We can get mad at Boehner and Cantor and the other obstructionists in the House, but the real problem is the uncooperative yahoos who keep (re)electing these roadblocks to Congress. It is those yahoos who don't give a damn about this nation's collective well-being.

Or perhaps they do give a damn but they have no goddamned idea how badly they are screwing us all over with their mindless intransigence and signal failure (read: refusal) to understand what we all need to do — or even that they have a civic responsibility to work with the rest of us. Their hearts might be in the right place, but their brains are missing in action.

I'd like to say that I would prefer one over the other, that a self-centered anarchist posing as a libertarian is "better" than a simpleton, or vice versa, but I can't choose.
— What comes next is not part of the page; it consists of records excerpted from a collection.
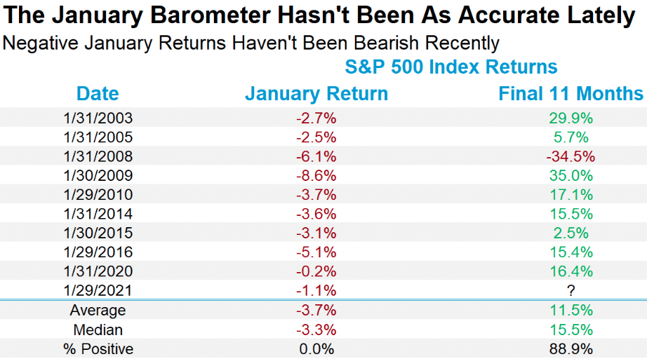 The catch is the January Barometer has been broken lately. In fact, a lower January for the S&P 500 has been bullish recently, with the final 11 months of a year higher 8 of the past 9 times after a negative January. Of course, the most recent 3 times (’15, ’16, and ’20) all had significant volatility. 2016 and 2020 were election years, go figure!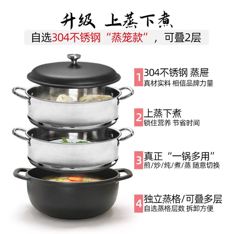 雅多福 铸铁炖锅汤锅28cm老式铁锅手工加厚一体炖煲汤煲生铁锅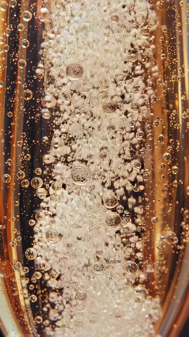 AI Generated Image. Macro vertical video showing nucleation and rising bubbles inside glass vessel filled with golden carbonated liquid. Highlighting fine bubble texture, shimmering light reflections, and dynamic vertical motion for eye-catching close-up storytelling. Working as looping background for social media stories, Instagram Reels, TikTok ads, and mobile-first video campaigns. Supporting product packaging visuals, drink commercials, craft beer or sparkling wine campaigns, and luxury beverage branding. Serving well for scientific or educational sequences explaining nucleation, gas release, and carbonation in liquids. Providing abstract texture and motion for motion graphics, title overlays, and premium website hero sections. Delivering high contrast golden tones and cinematic macro detail for editorial use and advertising.

Both appear to be just as destructive to this nation.

Until we can fix our fellow voters, with whom we must share this country whether we will or no, we have no hope of fixing our government, and thus no hope of fixing the country as a whole.

Friday, August 3, 2012

Gimme some of what he's smoking

Mitt, Mitt, Mitt ... stop bogarting whatever you're toking and let the rest of us take a hit.

On Thursday he promised ... well, read it for yourself. Per a Washington Examiner piece by Brian Hughes:

"I know that in campaigns, talk can be cheap. You can say anything," Romney said in Colorado, where he unveiled a middle-class jobs plan that called for more domestic energy production and fewer coal industry regulations. "This is not just an idea, but energy independence for North America."
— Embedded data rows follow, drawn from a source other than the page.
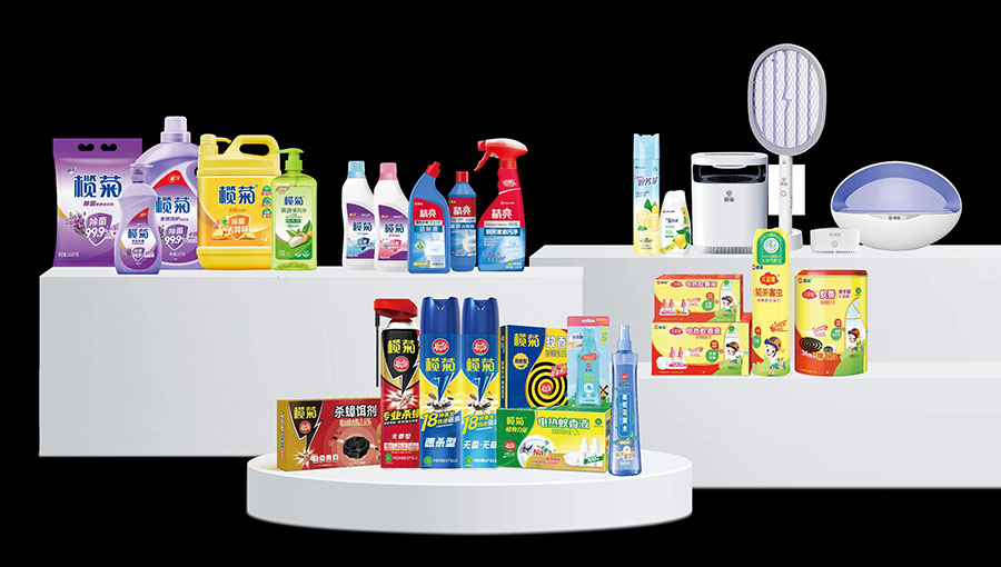 主要產(chǎn)品:欖菊盤(pán)式蚊香、電熱蚊香液、驅(qū)蚊液、電熱蚊香片、電蚊香加熱器、殺蟲(chóng)氣霧劑、殺蟑餌劑、滅蚊燈、電蚊拍、洗衣液、洗潔精、洗衣粉、洗衣皂、洗手液、84消毒液、潔廁精(液)、花露水、空氣清新劑等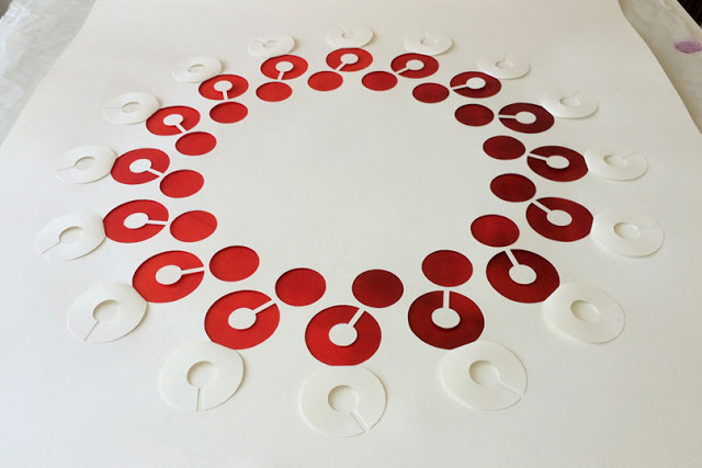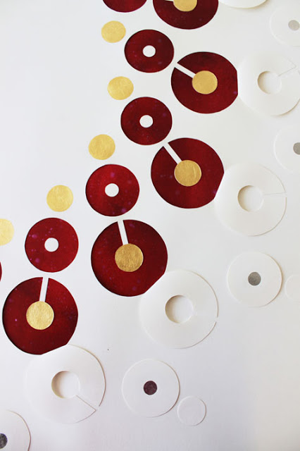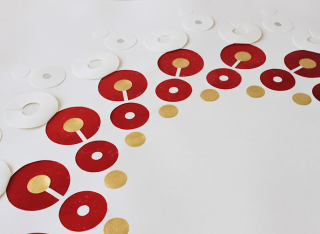 In line with the above quote, this piece is conceived to reveal the intense inner world underlying the white paper, rich with invisible constellations that reveal themselves suddenly in iridescence when seen from the right angle. Meanwhile, the removed paper is folded over and pasted to echo the inner ring on a different level: less colourful but more corporeal: a statement on the contrast between what we see in the world of the imagination, and what we can bring through.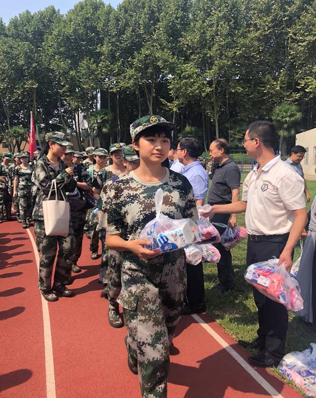 人文学院领导、各系老师及班主任发放新生军训慰问品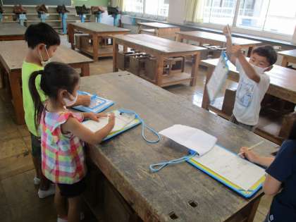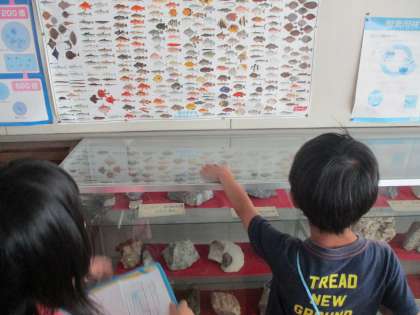 校長室や保健室、職員室にも「失礼します。」と挨拶をして入って、いろいろなものを発見しました。理科室、家庭科室、図工室…。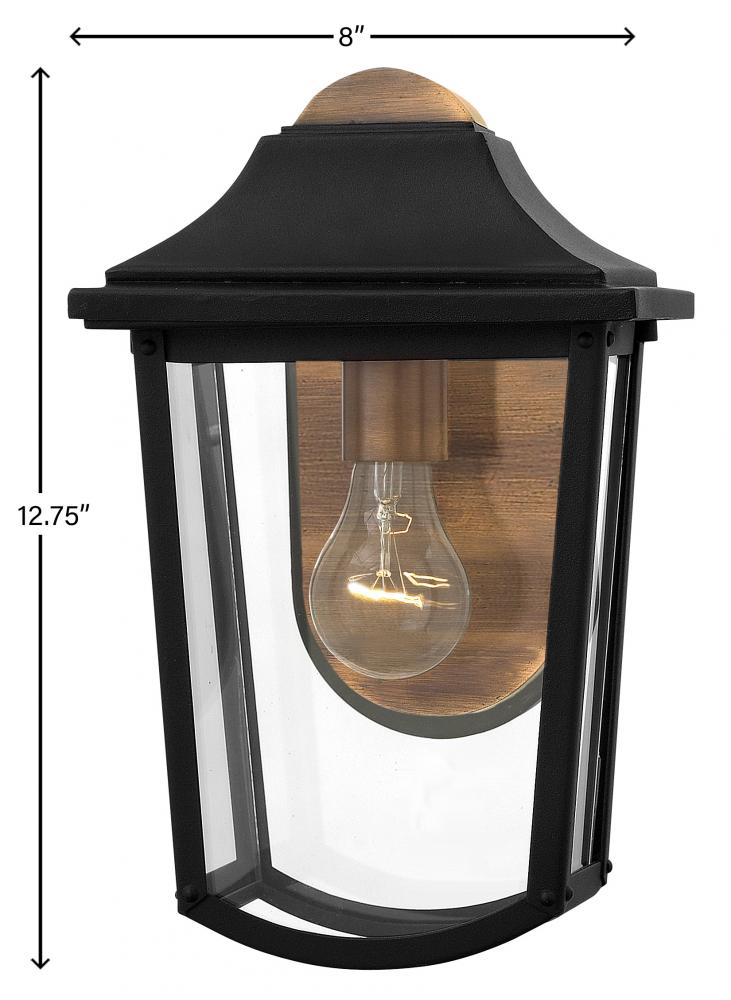 Burton’s classic cast aluminum construction in a robust Black finish is complemented by elegant touches. The distressed copper accents on the backplate, roof and socket cover paired with clear beveled glass complements the traditional styling.

Romney promised not only energy independence, but a better educational system, free trade agreements and small-business growth -- all while slashing a record federal budget deficit.
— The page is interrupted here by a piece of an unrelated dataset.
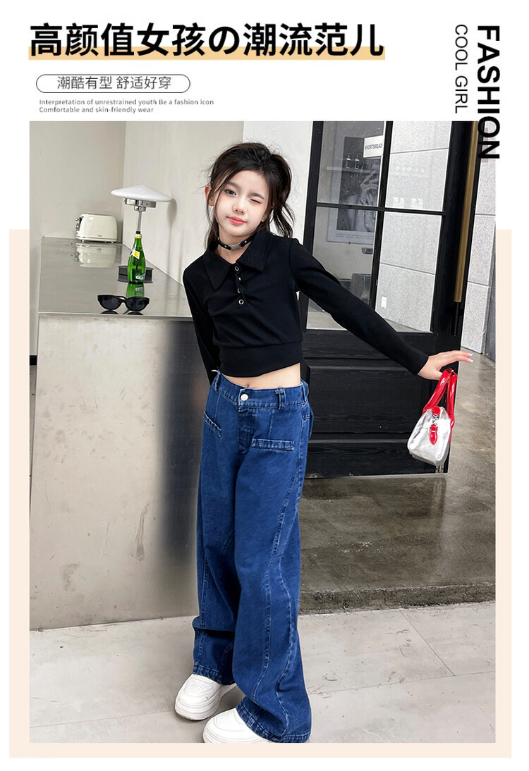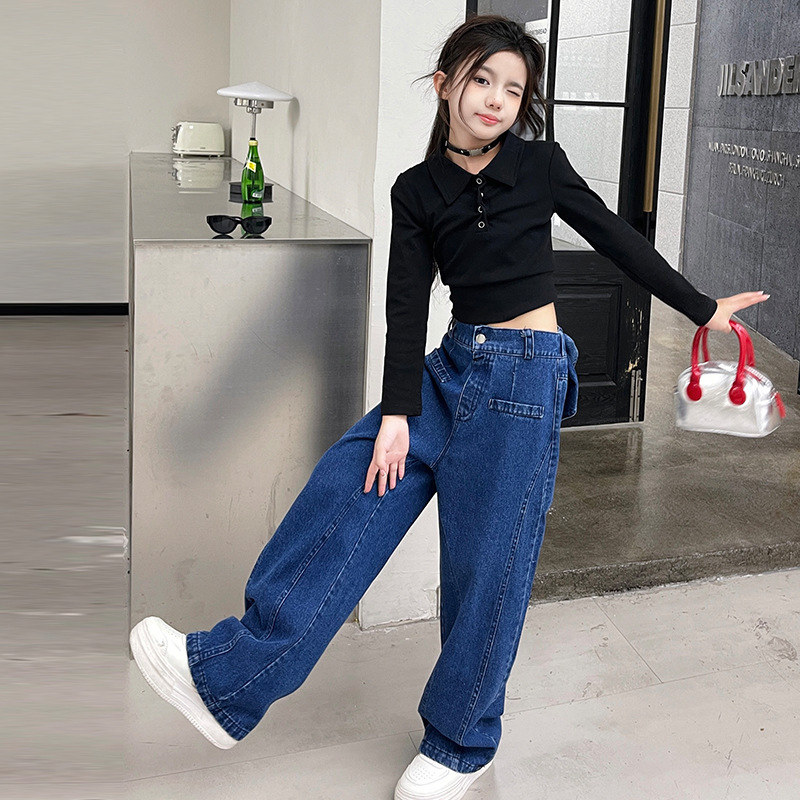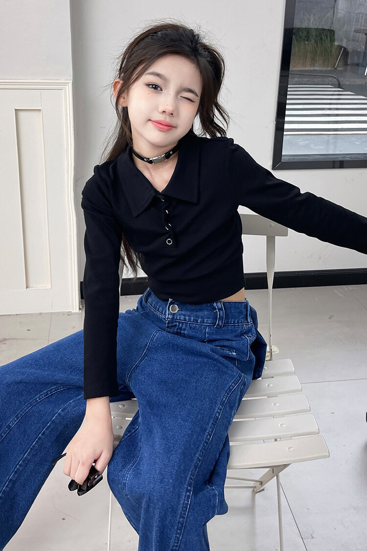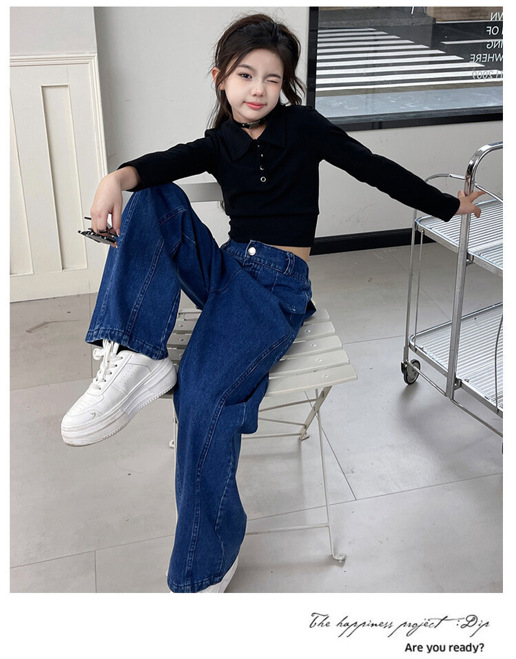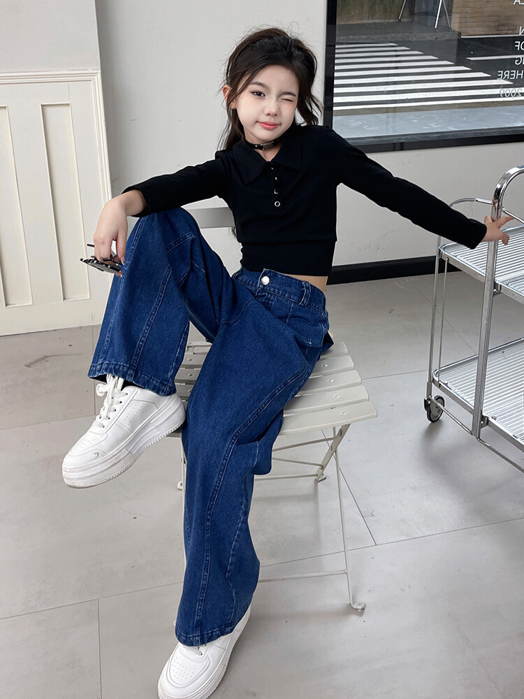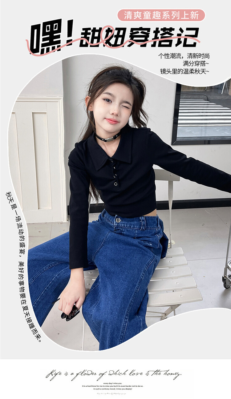소녀들의 봄 · 가을 세트 서양식 POLO 칼라 긴팔베이스 셔츠 슬림핏 올매치 한국식 어린이 데님 바지

To do all these things in a Washington, DC, as dysfunctional as it is, and for a country as dispirited and as far in denial as we are ... well, it would take a miracle bigger than anything in the Book of Mormon.

By the way, the next sentence in the article is:

But he provided few specific proposals for achieving those things.
I've seen this movie and I know what that last sentence signifies: the Republican bluster machine is in full blow-hard mode. The strategy: make promises so huge that no one could possibly imagine you're lying about them. Once in office, you fail to deliver ... but hey, baby, you're in office! Who cares what you promised?

Obama made some extravagant promises he hasn't kept, too: remember the whopper about shutting down the Guantanamo Bay prison? Still, that pales in comparison with "energy independence for North America" by 2020 — which, conveniently enough, would be at the end of a hypothetical second Romney term, and thus way, way too late to hold him accountable for his failed boast.

Energy independence for North America by 2020. Maybe for a week, and even then only if we all promise to turn off our lights at eight o'clock every night. But why am I sweating the details? Romney's campaign demonstrably isn't. And it won't. The details don't matter. Facts don't matter. All that matters is for him to make simplistic promises. Read Jared Diamond's op-ed piece in the New York Times, in which Diamond says, "he misrepresented my views and, in contrasting them with another scholar’s arguments, oversimplified the issue." Diamond goes on to assert that Romney's misrepresentation "is so different from what my book actually says that I have to doubt whether Mr. Romney read it."

Energy independence for North America by 2020 is such a colossal fantasy that if the public were genuinely evaluating Romney for the highest office in the land, it would be calling for him either to be preemptively arrested for fraud (knowingly promising what is not in his power — or anyone else's — to deliver), or else to be confined for close psychiatric evaluation for a minimum of 72 hours.

So if Romney doesn't like to be thought of as a brain-damaged recreational drug user, he should remember that the only other plausible explanation is that he's a bald-faced liar.

Pass the kutchie on the left-hand side, Mitt.